You are viewing a plain text version of this content. The canonical link for it is here.
Posted to issues@hive.apache.org by "Stamatis Zampetakis (Jira)" <ji...@apache.org> on 2022/10/19 11:54:00 UTC

[jira] [Resolved] (HIVE-26638) Replace in-house CBO reduce expressions rules with Calcite's built-in classes

     [ https://issues.apache.org/jira/browse/HIVE-26638?page=com.atlassian.jira.plugin.system.issuetabpanels:all-tabpanel ]

Stamatis Zampetakis resolved HIVE-26638.
----------------------------------------
    Fix Version/s: 4.0.0
                   4.0.0-alpha-2
       Resolution: Fixed

Fixed in https://github.com/apache/hive/commit/5a2b42982adeca506daf5bec435dfc51b4522638. Thanks for the review [~kkasa]!

> Replace in-house CBO reduce expressions rules with Calcite's built-in classes
> -----------------------------------------------------------------------------
>
>                 Key: HIVE-26638
>                 URL: https://issues.apache.org/jira/browse/HIVE-26638
>             Project: Hive
>          Issue Type: Improvement
>          Components: CBO
>            Reporter: Stamatis Zampetakis
>            Assignee: Stamatis Zampetakis
>            Priority: Major
>              Labels: pull-request-available
>             Fix For: 4.0.0, 4.0.0-alpha-2
>
>          Time Spent: 20m
>  Remaining Estimate: 0h
>
> The goal of this ticket is to remove Hive specific code in [HiveReduceExpressionsRule|https://github.com/apache/hive/blob/b48c1bf11c4f75ba2c894e4732a96813ddde1414/ql/src/java/org/apache/hadoop/hive/ql/optimizer/calcite/rules/HiveReduceExpressionsRule.java] and use exclusively the respective Calcite classes (i.e., [ReduceExpressionsRule|https://github.com/apache/calcite/blob/2c30a56158cdd351d35725006bc1f76bb6aac75b/core/src/main/java/org/apache/calcite/rel/rules/ReduceExpressionsRule.java]) to reduce maintenance overhead and facilitate code evolution.
> Currently the only difference between in-house (HiveReduceExpressionsRule) and built-in (ReduceExpressionsRule) reduce expressions rules lies in the way we treat the {{Filter}} operator (i.e., FilterReduceExpressionsRule).
> There are four differences when comparing the in-house code with the respective part in Calcite 1.25.0 that are Hive specific.
> +Match nullability when reducing expressions+
> When we reduce filters we always set {{matchNullability}} (last parameter) to false.
> {code:java}
> if (reduceExpressions(filter, expList, predicates, true, false)) {
> {code}
> This means that the original and reduced expression can have a slightly different type in terms of nullability; the original is nullable and the reduced is not nullable.

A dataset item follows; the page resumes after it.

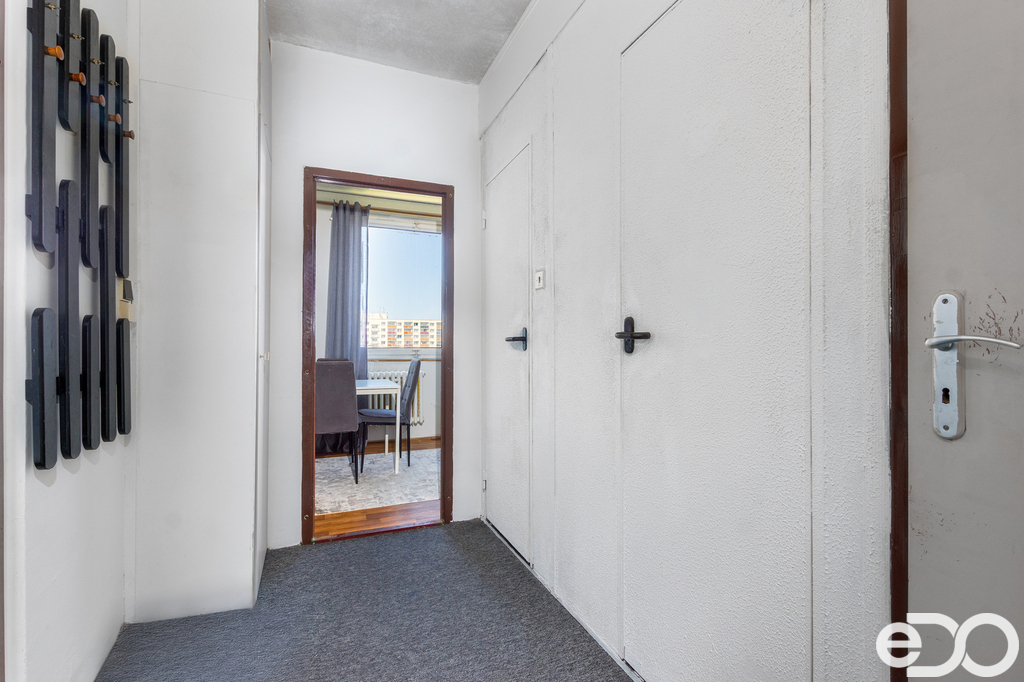 Byt o celkové ploše 44 m² se nachází v 7. nadzemním podlaží (posledním) panelového domu s výtahem. Samotná bytová jednotka má 39,76 m², dále k ní náleží lodžie (3,2 m²) a sklep (1,44 m²).

When the value is true the type can be preserved by adding a "nullability" CAST, which is a cast to the same type which differs only to if it is nullable or not.
> Hardcoding {{matchNullability}} to false was done as part of the upgrade in Calcite 1.15.0 (HIVE-18068) where the behavior of the rule became configurable (CALCITE-2041).
> +Remove nullability cast explicitly+
> When the expression is reduced we try to remove the nullability cast; if there is one.
> {code:java}
> if (RexUtil.isNullabilityCast(filter.getCluster().getTypeFactory(), newConditionExp)) {
> 	newConditionExp = ((RexCall) newConditionExp).getOperands().get(0);
> }
> {code}
> The code was added as part of the upgrade to Calcite 1.10.0 (HIVE-13316). However, the code is redundant as of HIVE-18068; setting {{matchNullability}} to {{false}} no longer generates nullability casts during the reduction.
> +Avoid creating filters with condition of type NULL+
> {code:java}
> if(newConditionExp.getType().getSqlTypeName() == SqlTypeName.NULL) {
> 	newConditionExp = call.builder().cast(newConditionExp, SqlTypeName.BOOLEAN);
> }
> {code}
> Hive tries to cast such expressions to BOOLEAN to avoid the weird (and possibly problematic) situation of having a condition with NULL type.
> In Calcite, there is specific code for detecting if the new condition is the NULL literal (with NULL type) and if that's the case it turns the relation to empty.
> {code:java}
> } else if (newConditionExp instanceof RexLiteral
>   || RexUtil.isNullLiteral(newConditionExp, true)) {
> call.transformTo(createEmptyRelOrEquivalent(call, filter));
> {code}
> Due to that the Hive specific code is redundant if the Calcite rule is used.
> +Bail out when input to reduceNotNullableFilter is not a RexCall+
> {code:java}
> if (!(rexCall.getOperands().get(0) instanceof RexCall)) {
>       // If child is not a RexCall instance, we can bail out
>       return;
> }
> {code}
> The code was added as part of the upgrade to Calcite 1.10.0 (HIVE-13316) but it does not add any functional value.
> The instanceof check is redundant since the code in reduceNotNullableFilter [is a noop|https://github.com/apache/hive/blob/6e8fc53fb68898d1a404435859cea5bbc79200a4/ql/src/java/org/apache/hadoop/hive/ql/optimizer/calcite/rules/HiveReduceExpressionsRule.java#L228] when the expression/call is not one of the following: IS_NULL, IS_UNKNOWN, IS_NOT_NULL, which are all rex calls.
> +Summary+
> All of the Hive specific changes mentioned previously can be safely replaced by appropriate uses of the Calcite APIs without affecting the behavior of CBO.



--
This message was sent by Atlassian Jira
(v8.20.10#820010)